Author: Biraajmaan Tamuly, CoinTelegraph; Compiler: Deng Tong, Golden Finance
U.S. Treasury funds saw inflows of $19 billion, the highest level since March 2023, and 30-year Treasury yields fell 30 basis points.
Foreign central banks reduced their holdings of U.S. Treasuries to 23%, the lowest level in 22 years, while gold reserves reached 18%.
In a similar trend, Bitcoin soared from $9,000 to $60,000 in 2020, suggesting a similar result in 2025.
A major shift in global financial trends is taking place, and the price of Bitcoin (BTC) could benefit greatly from it. The latest data shows that U.S. Treasury funds had a net inflow of $19 billion last week, exceeding the peak of $14 billion during the 2020 epidemic, and the four-week moving average rose to $7 billion, the highest level since March 2023.

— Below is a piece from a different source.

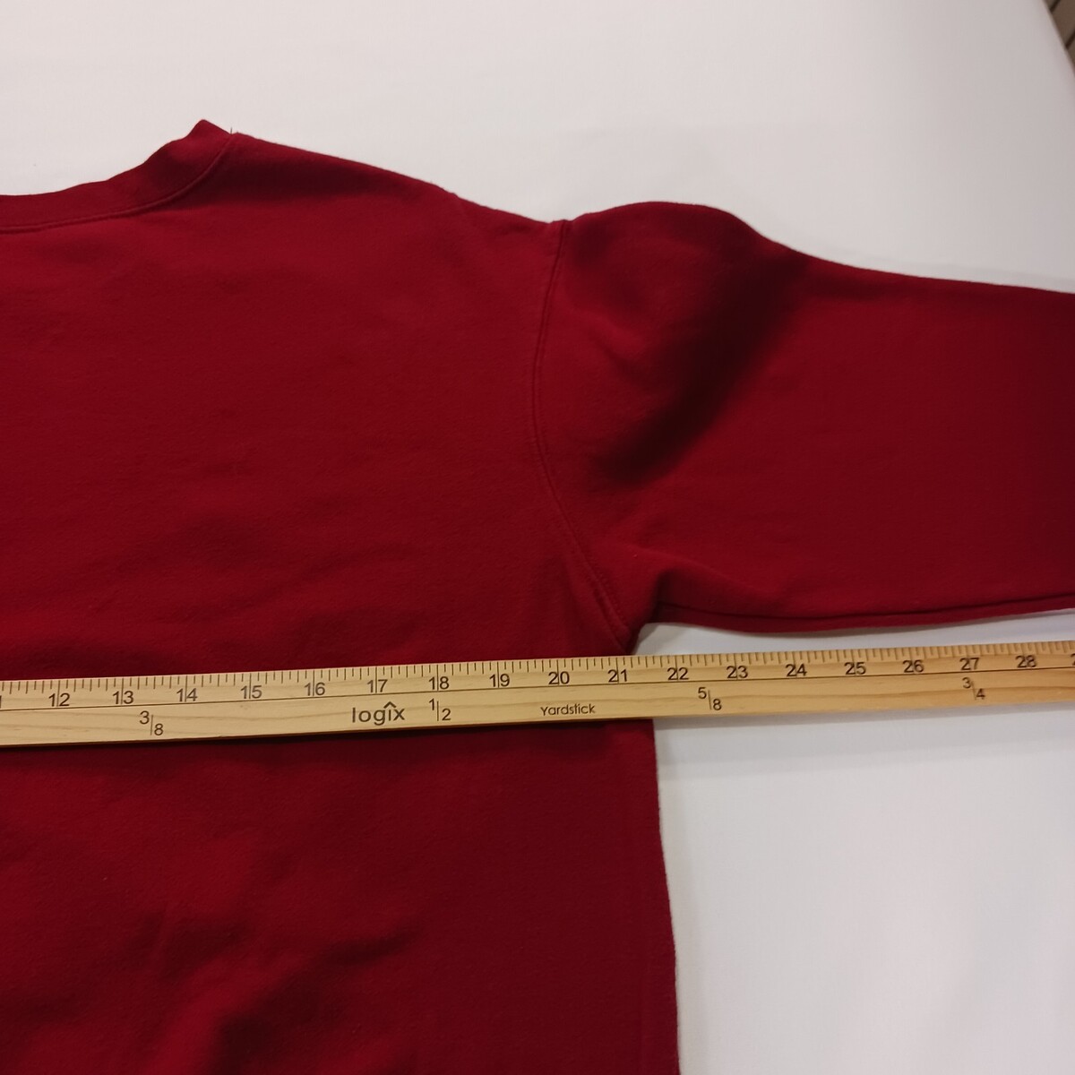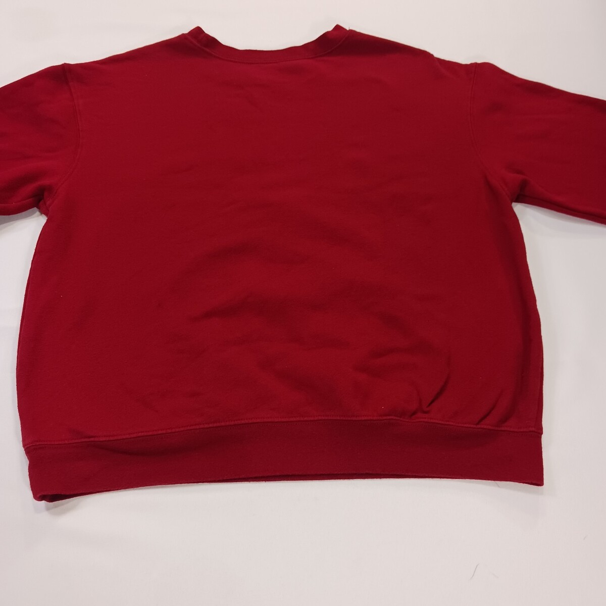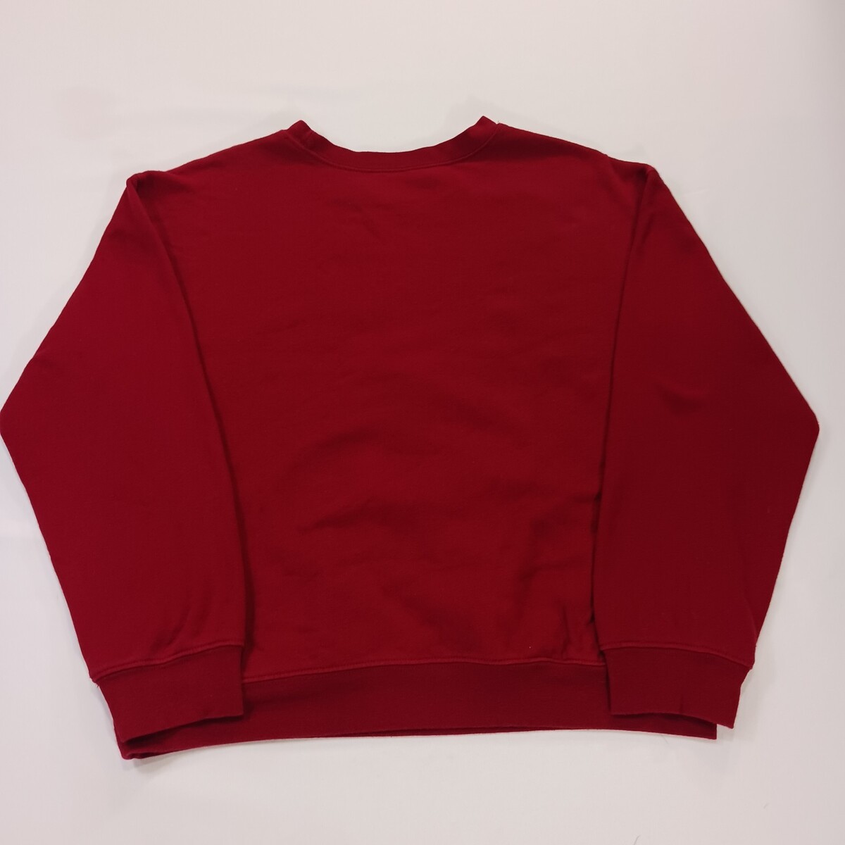 The product is a large women's red graphic sweatshirt featuring the colors and logo of Harvard University's Crimson team. It is officially licensed by the NCAA and made by the brand Hybrid-Jem. The sweatshirt is perfect for representing the team during the regular season and is a great addition to any fan's collection. Made in China, this sweatshirt is a stylish and comfortable way to show support for Harvard University's athletic program.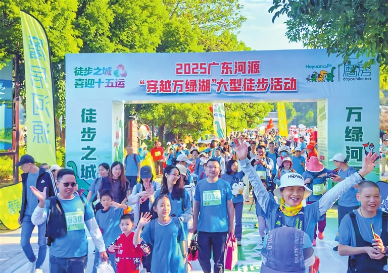 ○本报讯记者雷宇烁昨日,“徒步之城·喜迎十五运”2025广东河源“穿越万绿湖”大型徒步活动举行,来自粤港澳大湾区及周边省、市的近万名驴友,用脚步丈量河源秋日的诗意山水。

U.S. Treasury inflow chart. Source: X.com
The 30-year Treasury yield has fallen 30 basis points from its April peak, indicating that bond prices have risen as investors are willing to accept lower returns in exchange for the safety of these bonds. The surge in demand for Treasuries as a safe-haven asset has boosted market liquidity and stability while lowering borrowing costs in the United States.
However, foreign central banks have adjusted their strategies, cutting their holdings of Treasuries to 23% of U.S. government debt, the lowest level in 22 years.
This suggests that while private investors may have driven inflows, foreign central banks are exiting, possibly due to the ongoing tariff dispute with the United States.

Foreign central banks' gold and treasury bond holdings. Source: X.com
At the same time, gold's share of global reserves soared to 18%, a 26-year high, up 8% since 2015. Among them, China's gold reserves have doubled to 7.1% since 2023.
The global trend of de-dollarization is exactly the same as Bitcoin's positive pattern. During the 2020 pandemic, as U.S. Treasury inflows surged amid uncertainty over the coronavirus pandemic, bitcoin prices soared from $9,000 to nearly $60,000 at the start of 2021, and gold’s share of global reserves grew 14.5% in 18 months. The current stabilization of bond markets and the central bank rush for gold mean that bitcoin’s next bull run will face similar triggers. In 2023, as Treasury yields rose on recession fears, bitcoin rose 47% in a month, while the Nasdaq fell 8.7%. Bitcoin’s appeal as a global store of value has increased as yields fall and central banks signal a loss of confidence in the dollar. However, if global markets fall into a recession in 2025, bitcoin’s bullish thesis could falter. This is because, as noted last week, during economic downturns, investors decide to prioritize liquidity and traditional safe-haven assets, such as cash or U.S. Treasuries, over speculative assets like Bitcoin.
Bitwise CEO says: Google searches for "Bitcoin" are at a long-term low
Anonymous global market researcher Capital Flows noted that macroeconomic liquidity and market positioning factors are driving Bitcoin's bullish price action. The analyst highlighted BTC's impact strength in the directional probability tilt chart, indicating that it is ready to rise.

Bitcoin’s overall macroeconomic positioning. Source: X.com
This is consistent with observations by Bitwise CEO Hunter Horsley:Google searches for “bitcoin” are near long-term lows, suggesting that the momentum behind Bitcoin’s gains is coming from institutions, consultants, corporations, and countries, not retail investors.
The lack of retail-driven search interest stands in stark contrast to historical trends. In historical trends, Bitcoin searches are highly correlated with its price in the previous cycle (r=91%, according to SEMrush data), suggesting a shift in market dynamics where institutional adoption is driving demand.